Only an exact repetition is needed: the lines from the start of the listing below through the line that contains "ชุดโต๊ะเฟอร์นิ", pictures omitted.

STORED DATA:
>>>>>

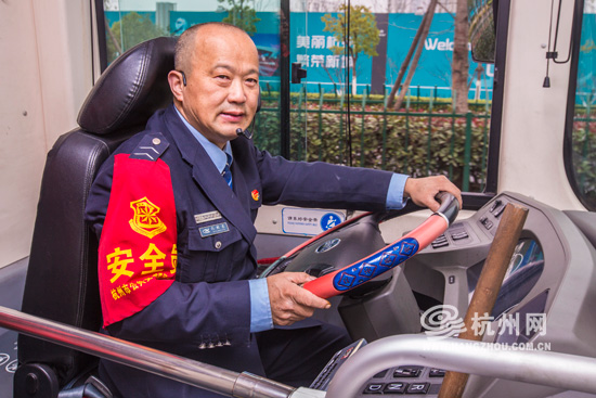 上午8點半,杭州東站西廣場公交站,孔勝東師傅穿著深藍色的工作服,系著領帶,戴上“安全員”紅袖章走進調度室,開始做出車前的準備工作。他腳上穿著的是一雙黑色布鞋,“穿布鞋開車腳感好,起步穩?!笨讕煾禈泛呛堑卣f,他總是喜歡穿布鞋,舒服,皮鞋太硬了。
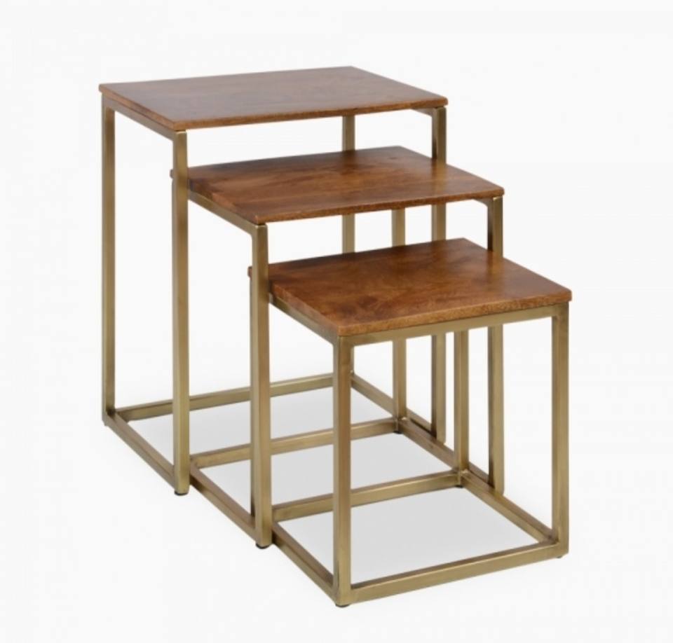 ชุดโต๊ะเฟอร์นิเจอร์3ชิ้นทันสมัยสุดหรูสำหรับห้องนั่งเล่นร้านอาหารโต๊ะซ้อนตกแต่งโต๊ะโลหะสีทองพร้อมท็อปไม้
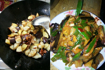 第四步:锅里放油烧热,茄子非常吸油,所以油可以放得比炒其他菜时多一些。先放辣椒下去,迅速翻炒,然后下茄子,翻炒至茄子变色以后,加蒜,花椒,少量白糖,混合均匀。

<<<<<

EXERCISE RESULT:
 上午8點半,杭州東站西廣場公交站,孔勝東師傅穿著深藍色的工作服,系著領帶,戴上“安全員”紅袖章走進調度室,開始做出車前的準備工作。他腳上穿著的是一雙黑色布鞋,“穿布鞋開車腳感好,起步穩?!笨讕煾禈泛呛堑卣f,他總是喜歡穿布鞋,舒服,皮鞋太硬了。
 ชุดโต๊ะเฟอร์นิเจอร์3ชิ้นทันสมัยสุดหรูสำหรับห้องนั่งเล่นร้านอาหารโต๊ะซ้อนตกแต่งโต๊ะโลหะสีทองพร้อมท็อปไม้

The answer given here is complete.